**MATERIAL FOR THIS TASK**
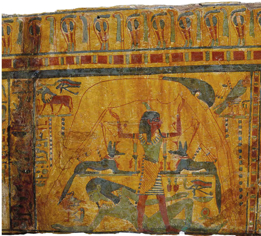
4 Représentation du cosmos. Détail de la fig. 2.
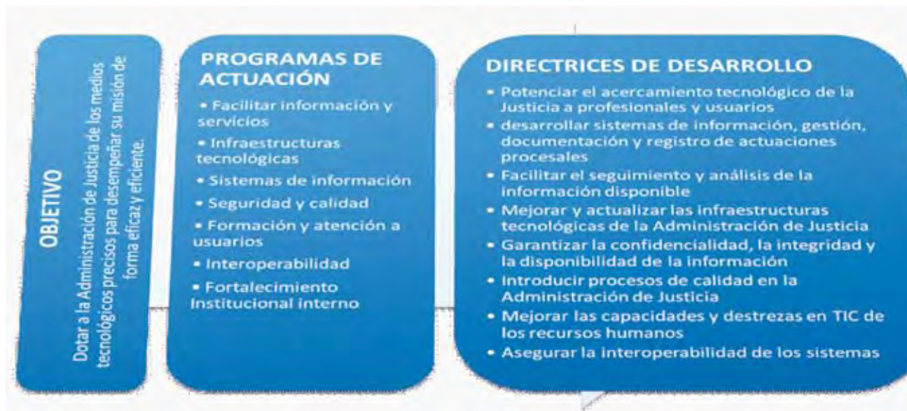
Figura 2. Desglose de políticas de modernización tecnológica de la Administración de Justicia

* Mejora de la gestión del almacenamiento de las piezas de convicción a través del sistema de identificación por radiofrecuencia .
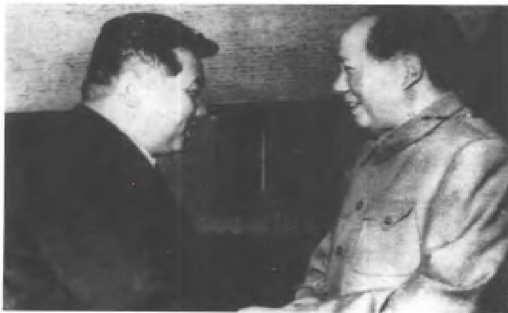
1951年6月初金日成訪問北京，與毛澤東就朝鮮戰爭問題進行商談。
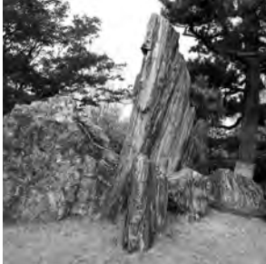
右／築山の中心部に組まれた豪快な蓬莱石組。 下／中心の蓬莱石組から東部の集合住宅を望む。

しげもり、みつあき●一九六五年、京都市に生まれる。京都芸術短期大学専攻科修了。バリ国立高等美術学校卒業。二〇〇六年重森三玲旧邸の書院庭園部を「重森三玲庭園美術館」として再生、館長に就任。現代アートを制作・研究してきたが、近年は伝統芸術にも関心をよせる。著書に『重森三玲 II』がある。庭園の設計にも取り組み、現代庭園の創作を模索する。三玲は祖父。
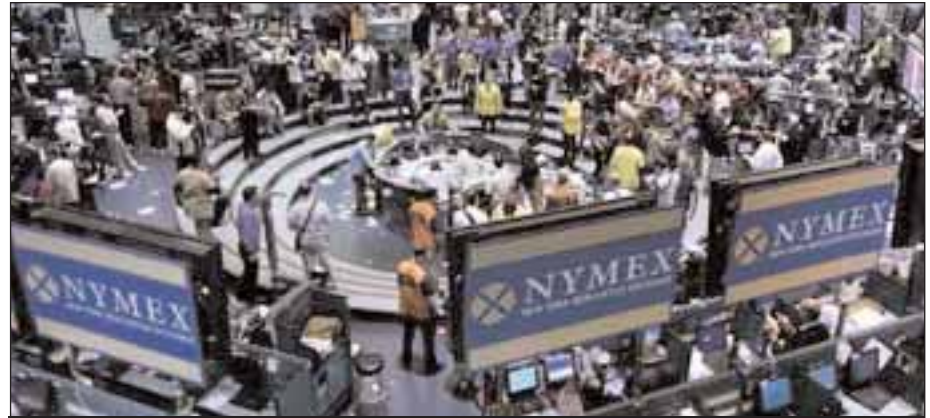
Το Χρηματιστήριο Εμπορευμάτων της Νέας Υόρκης

Τη Δευτέρα, το αμερικανικό αργό πετρέλαιο παράδοσης Οκτωβρίου έφτασε για λίγο σχεδόν στα 130 δολάρια, μία άνοδος της τάξης των 25,45 δολαρίων σε
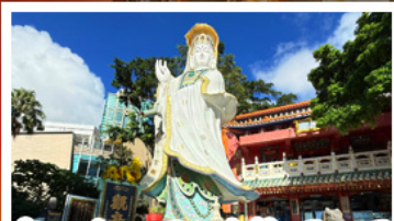
เจ้าแม่กวนอิมรัฟส์เบย์
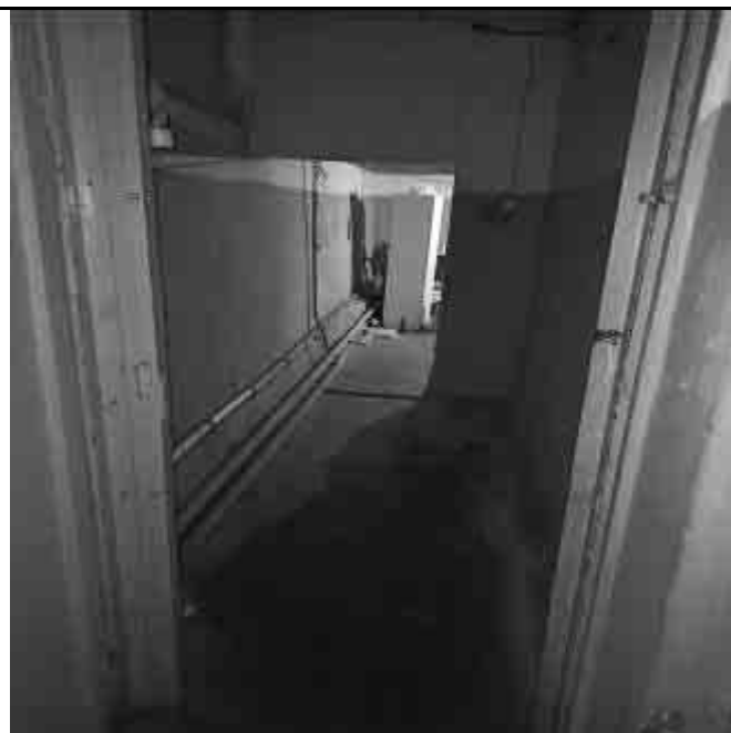
Фото №28. Входы в помещение
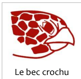
Le bec crochu

Sur son front, on observe une croix formée par les quatre écailles qui se trouvent entre ses yeux. Elle se nourrit d'éponges, qui sont de minuscules animaux marins qui filtrent l'eau pour se nourrir et grandir.
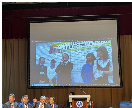
【昨年の北海道での様子を動画で紹介】
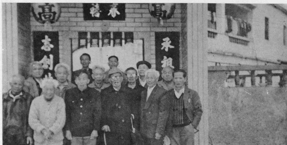
老人会干部大年初一向老人拜年合影(九七年春节)
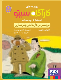
در دسر در کارخانه‌ی چترسازی
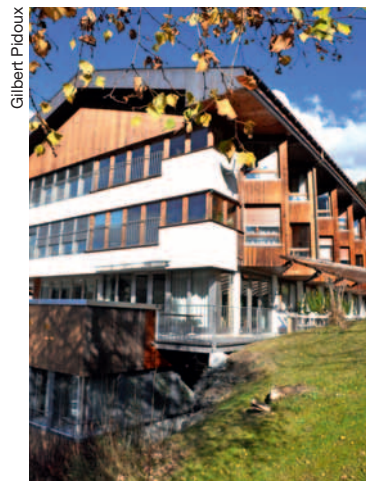
L'EMS «La Résidence».

bénéficiant de l'accompagnement adapté à sa situation. La Résidence des Diablerets, avec 29 lits (occupés actuellement, pour un bon tiers, par des aînés domiciliés à Or-
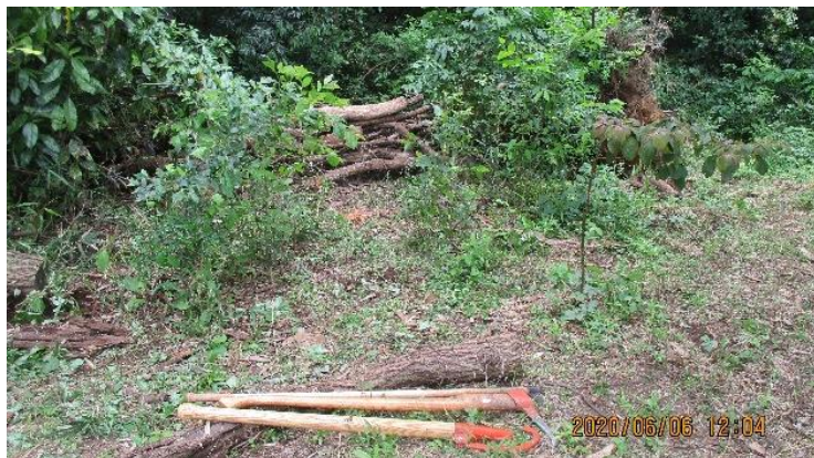
北西エリア だいぶ片づけ出来ました
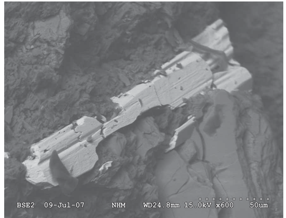
Figur 1: Så langt den mest komplette krystallen av heftetjernitt.

Ca_2(Fe^{3+})_3O_2(AsO_4)_3 \cdot 3H_2O En prøve med et sekundært belegg på arsenopyritt fra Langesundsfjorden
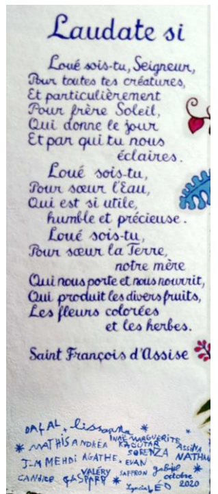
Prière apposée à la fresque, avec la signature de tous les artistes
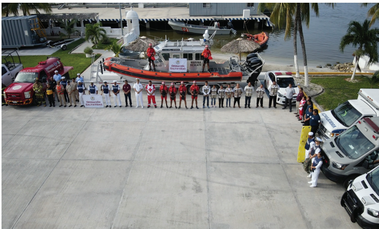
Fotografía 5. Operación Salvavidas Verano 2023.
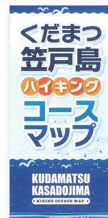
ハイキングコースマップ

**WORK ORDER**
Copy out exactly the lines from the one with "Figura 2. Desglose" through the end of the listing, both ends included, omitting any picture.

**FINISHED TASK**
Figura 2. Desglose de políticas de modernización tecnológica de la Administración de Justicia

* Mejora de la gestión del almacenamiento de las piezas de convicción a través del sistema de identificación por radiofrecuencia .
1951年6月初金日成訪問北京，與毛澤東就朝鮮戰爭問題進行商談。
右／築山の中心部に組まれた豪快な蓬莱石組。 下／中心の蓬莱石組から東部の集合住宅を望む。

しげもり、みつあき●一九六五年、京都市に生まれる。京都芸術短期大学専攻科修了。バリ国立高等美術学校卒業。二〇〇六年重森三玲旧邸の書院庭園部を「重森三玲庭園美術館」として再生、館長に就任。現代アートを制作・研究してきたが、近年は伝統芸術にも関心をよせる。著書に『重森三玲 II』がある。庭園の設計にも取り組み、現代庭園の創作を模索する。三玲は祖父。
Το Χρηματιστήριο Εμπορευμάτων της Νέας Υόρκης

Τη Δευτέρα, το αμερικανικό αργό πετρέλαιο παράδοσης Οκτωβρίου έφτασε για λίγο σχεδόν στα 130 δολάρια, μία άνοδος της τάξης των 25,45 δολαρίων σε
เจ้าแม่กวนอิมรัฟส์เบย์
Фото №28. Входы в помещение
Le bec crochu

Sur son front, on observe une croix formée par les quatre écailles qui se trouvent entre ses yeux. Elle se nourrit d'éponges, qui sont de minuscules animaux marins qui filtrent l'eau pour se nourrir et grandir.
【昨年の北海道での様子を動画で紹介】
老人会干部大年初一向老人拜年合影(九七年春节)
در دسر در کارخانه‌ی چترسازی
L'EMS «La Résidence».

bénéficiant de l'accompagnement adapté à sa situation. La Résidence des Diablerets, avec 29 lits (occupés actuellement, pour un bon tiers, par des aînés domiciliés à Or-
北西エリア だいぶ片づけ出来ました
Figur 1: Så langt den mest komplette krystallen av heftetjernitt.

Ca_2(Fe^{3+})_3O_2(AsO_4)_3 \cdot 3H_2O En prøve med et sekundært belegg på arsenopyritt fra Langesundsfjorden
Prière apposée à la fresque, avec la signature de tous les artistes
Fotografía 5. Operación Salvavidas Verano 2023.
ハイキングコースマップ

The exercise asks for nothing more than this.